TASK STATEMENT » Skip the images. Copy the records exactly as written.

DATA »
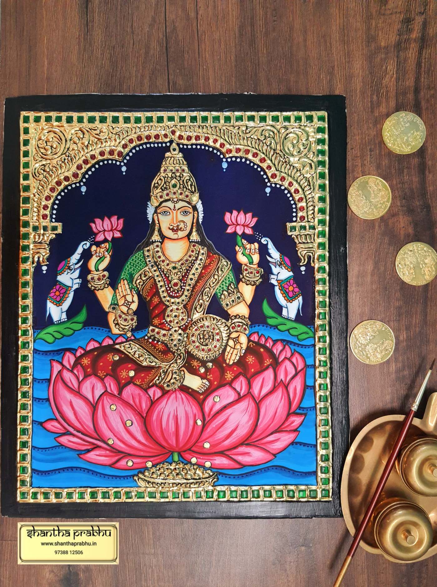 This is a 2D Tanjore Painting of Goddess Lakshmi.
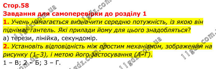 Завдання для самоперевірки до розділу 1 1. Учень намагається визначити середню потужність, із якою він піднімає гантель. Які прилади йому для цього знадобляться? а) терези, лінійка, секундомір. 2. Установіть відповідність між простим механізмом, зображеним на рисунку (1–3), і метою його застосування (А–Г). 1 – В; 2 – Б; 3 – Г.
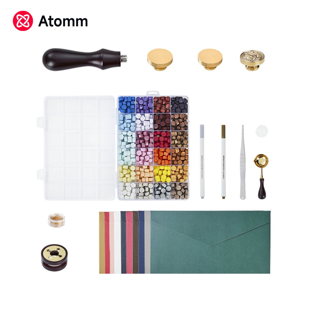 - The wax seal stamp DIY set includes 24 colors of wax sealing beads, 1 pcs wax sealing warmer, 1 pcs wax sealing spoon, 1 pcs Wax Stamp Handle, 1 pcs tweezer, 10 pcs tea lights candles, 2 pcs metal pens, 10 pcs envelopes, 2 pcs gold powders, and 3 pcs wax seal stamp heads. One brass stamp head with its own rose pattern and two blank brass stamp heads are available for engraving with the xTool F1 Ultra. Click here for machining design documents and assembly instructions.
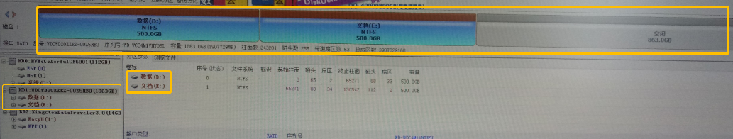- 两个硬盘的分区表类型(此时都为MBR):
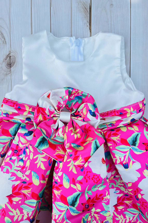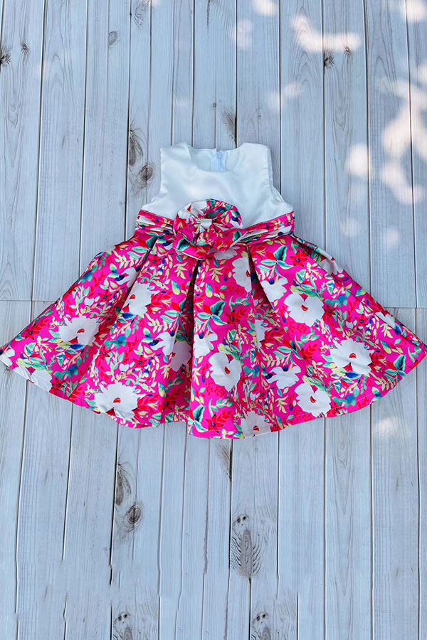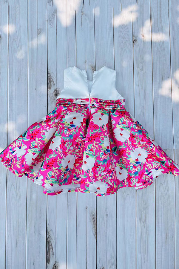 Girls wedding dress wholesale White & Floral princess dress with zipper DLH2876
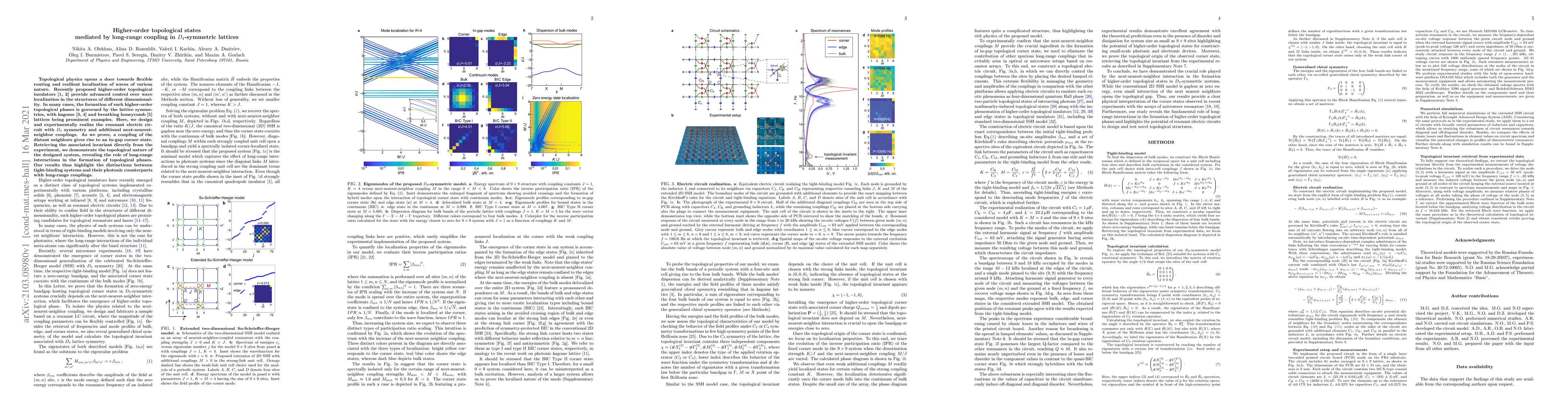 Topological physics opens a door towards flexible routing and resilient localization of waves of various nature. Recently proposed higher-order topological insulators provide advanced control over wave localization in the structures of different dimensionality. In many cases, the formation of such higher-order topological phases is governed by the lattice symmetries, with kagome and breathing honeycomb lattices being prominent examples. Here, we design and experimentally realize the resonant electric circuit with $D_4$ symmetry and additional next-nearest-neighbor couplings. As we prove, a coupling of the distant neighbors gives rise to an in-gap corner state. Retrieving the associated invariant directly from the experiment, we demonstrate the topological nature of the designed system, revealing the role of long-range interactions in the formation of topological phases. Our results thus highlight the distinctions between tight-binding systems and their photonic counterparts with long-range couplings.
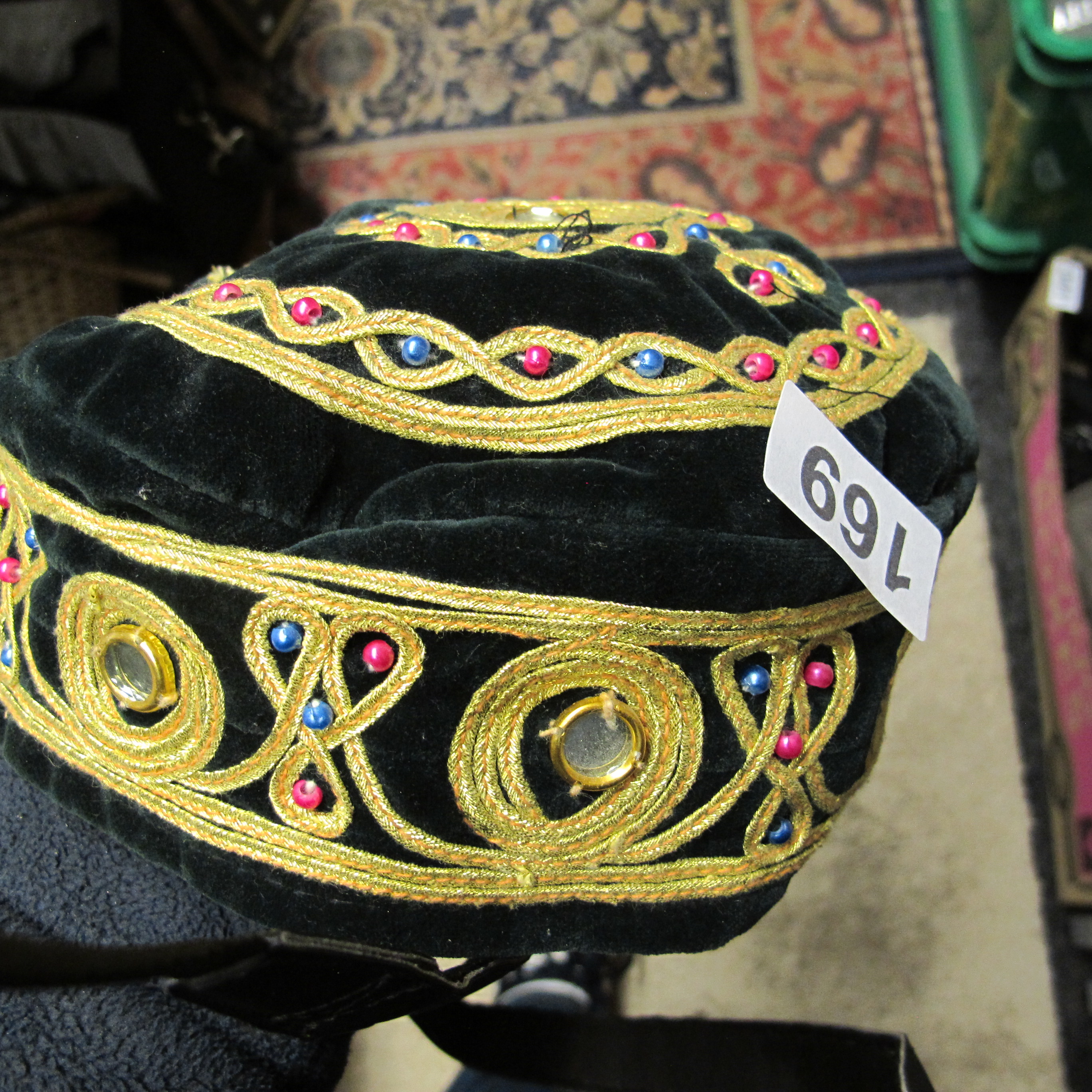 Artisanal, Bukharian Style Cap, Gold and Mirror Embroidered Black Velvet
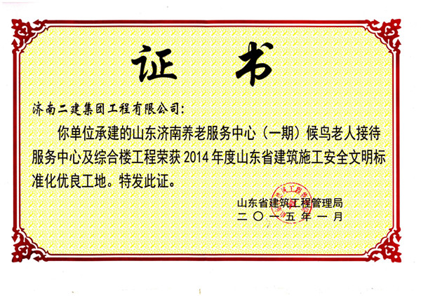 热烈庆祝我公司承建的山东济南养老服务中心(一期)候鸟老人接待服务中心及综合楼工程荣获2014年度山东省建筑施工安全文明标准化优良工地
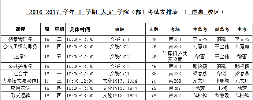 人文公司2016-2017-1期末考试安排
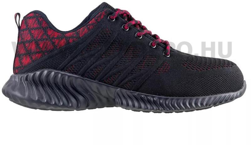 Urgent Fino 246 S1 munkavédelmi félcipő, fekete/piros - 44 Felsőrész: textil. Bélés: szövet, párnázott bokarész. Talpbetét: szövet. Talp: SRA, antisztatikus, energiaelnyelő sarok, EVA/gumi. Orrmerevítő anyag: acél. Norma: EN 20345:2011. Védelmi szint: SB - Orrmerevítővel, mely megvéd a 200 J energiájú zuhanó, leeső tárgyak ellen és 15 kN nyomás elleni védelmet biztosí
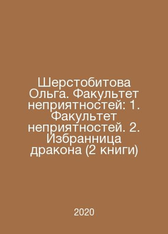 Olga Sherstobitova. Faculty of Trouble: 1. Faculty of Trouble. 2. The Chosen Dragon (2 books) In Russian /Sherstobitova Olga. Fakultet nepriyatnostey: 1. Fakultet nepriyatnostey. 2. Izbrannitsa drakona (2 knigi) Set. Series: M. Exmo Academy of Magic 2020-2021.Contact us for details or to request photos of available books. Delivery of this book could take longer than normal due to additional handling time before shipping, and no rush delivery options are available. Please let us know if you have a specific date by which you need to receive your order.SKUalbcfef5cb447394ae3
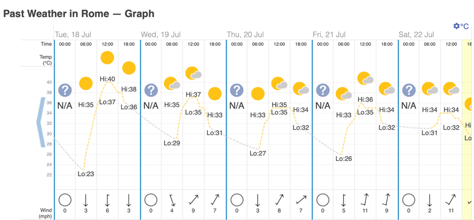 Also on July 18th the BBC reported that the temperature in Rome could reach 40°C and remain above that level for 15 days. Over to Time and Date again.
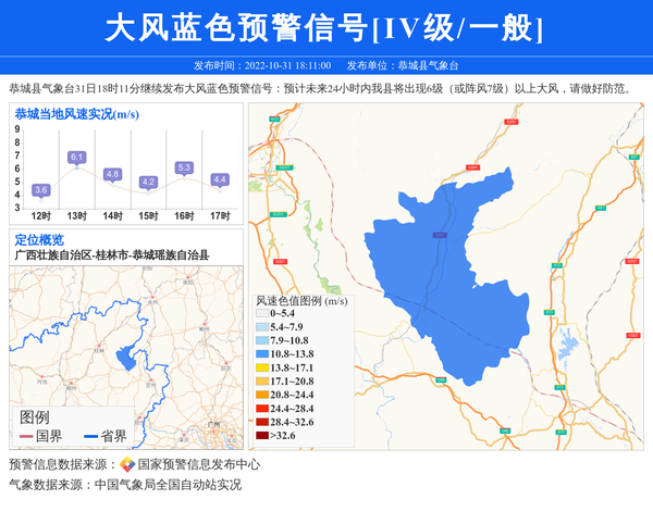 恭城县气象台更新大风蓝色预警信号[IV级/一般]
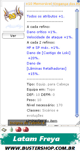 A cada refino: Dano crítico +1%. Velocidade de ataque +1%. A cada 2 refinos: HP e SP máx. +1%. Dano de [Castigo de Loki] +20%. Dano de [Lâminas Retalhadoras] +10%. --------------------------
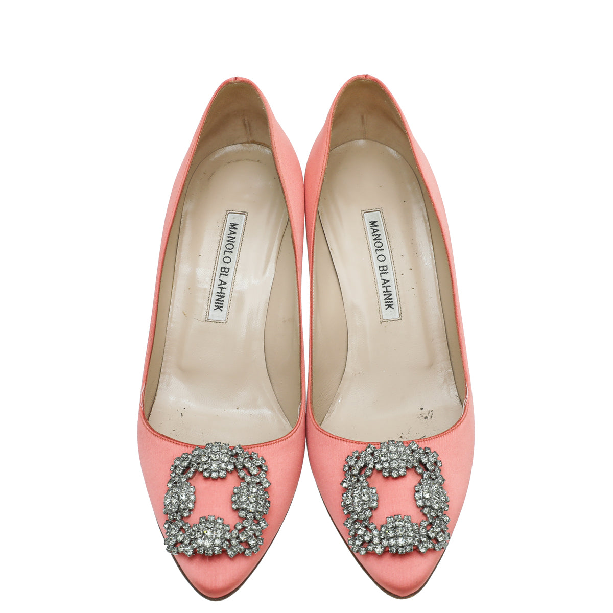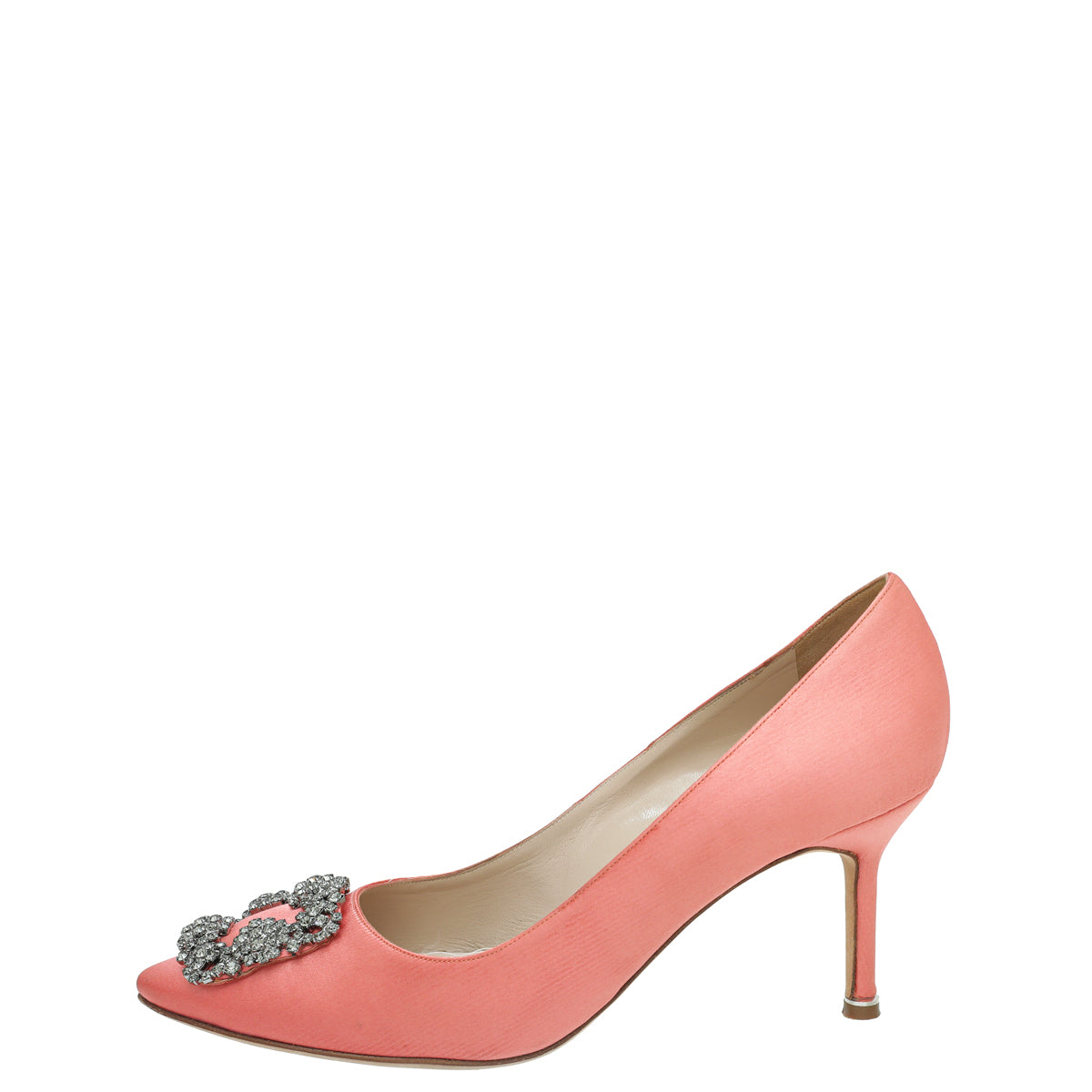 Manolo Blahnik Peach Satin Hangisi Pump 38

REPLY TO THE EXERCISE »
 This is a 2D Tanjore Painting of Goddess Lakshmi.
 Завдання для самоперевірки до розділу 1 1. Учень намагається визначити середню потужність, із якою він піднімає гантель. Які прилади йому для цього знадобляться? а) терези, лінійка, секундомір. 2. Установіть відповідність між простим механізмом, зображеним на рисунку (1–3), і метою його застосування (А–Г). 1 – В; 2 – Б; 3 – Г.
 - The wax seal stamp DIY set includes 24 colors of wax sealing beads, 1 pcs wax sealing warmer, 1 pcs wax sealing spoon, 1 pcs Wax Stamp Handle, 1 pcs tweezer, 10 pcs tea lights candles, 2 pcs metal pens, 10 pcs envelopes, 2 pcs gold powders, and 3 pcs wax seal stamp heads. One brass stamp head with its own rose pattern and two blank brass stamp heads are available for engraving with the xTool F1 Ultra. Click here for machining design documents and assembly instructions.
- 两个硬盘的分区表类型(此时都为MBR):
 Girls wedding dress wholesale White & Floral princess dress with zipper DLH2876
 Topological physics opens a door towards flexible routing and resilient localization of waves of various nature. Recently proposed higher-order topological insulators provide advanced control over wave localization in the structures of different dimensionality. In many cases, the formation of such higher-order topological phases is governed by the lattice symmetries, with kagome and breathing honeycomb lattices being prominent examples. Here, we design and experimentally realize the resonant electric circuit with $D_4$ symmetry and additional next-nearest-neighbor couplings. As we prove, a coupling of the distant neighbors gives rise to an in-gap corner state. Retrieving the associated invariant directly from the experiment, we demonstrate the topological nature of the designed system, revealing the role of long-range interactions in the formation of topological phases. Our results thus highlight the distinctions between tight-binding systems and their photonic counterparts with long-range couplings.
 Artisanal, Bukharian Style Cap, Gold and Mirror Embroidered Black Velvet
 热烈庆祝我公司承建的山东济南养老服务中心(一期)候鸟老人接待服务中心及综合楼工程荣获2014年度山东省建筑施工安全文明标准化优良工地
 人文公司2016-2017-1期末考试安排
 Urgent Fino 246 S1 munkavédelmi félcipő, fekete/piros - 44 Felsőrész: textil. Bélés: szövet, párnázott bokarész. Talpbetét: szövet. Talp: SRA, antisztatikus, energiaelnyelő sarok, EVA/gumi. Orrmerevítő anyag: acél. Norma: EN 20345:2011. Védelmi szint: SB - Orrmerevítővel, mely megvéd a 200 J energiájú zuhanó, leeső tárgyak ellen és 15 kN nyomás elleni védelmet biztosí
 Olga Sherstobitova. Faculty of Trouble: 1. Faculty of Trouble. 2. The Chosen Dragon (2 books) In Russian /Sherstobitova Olga. Fakultet nepriyatnostey: 1. Fakultet nepriyatnostey. 2. Izbrannitsa drakona (2 knigi) Set. Series: M. Exmo Academy of Magic 2020-2021.Contact us for details or to request photos of available books. Delivery of this book could take longer than normal due to additional handling time before shipping, and no rush delivery options are available. Please let us know if you have a specific date by which you need to receive your order.SKUalbcfef5cb447394ae3
 Also on July 18th the BBC reported that the temperature in Rome could reach 40°C and remain above that level for 15 days. Over to Time and Date again.
 恭城县气象台更新大风蓝色预警信号[IV级/一般]
 A cada refino: Dano crítico +1%. Velocidade de ataque +1%. A cada 2 refinos: HP e SP máx. +1%. Dano de [Castigo de Loki] +20%. Dano de [Lâminas Retalhadoras] +10%. --------------------------
 Manolo Blahnik Peach Satin Hangisi Pump 38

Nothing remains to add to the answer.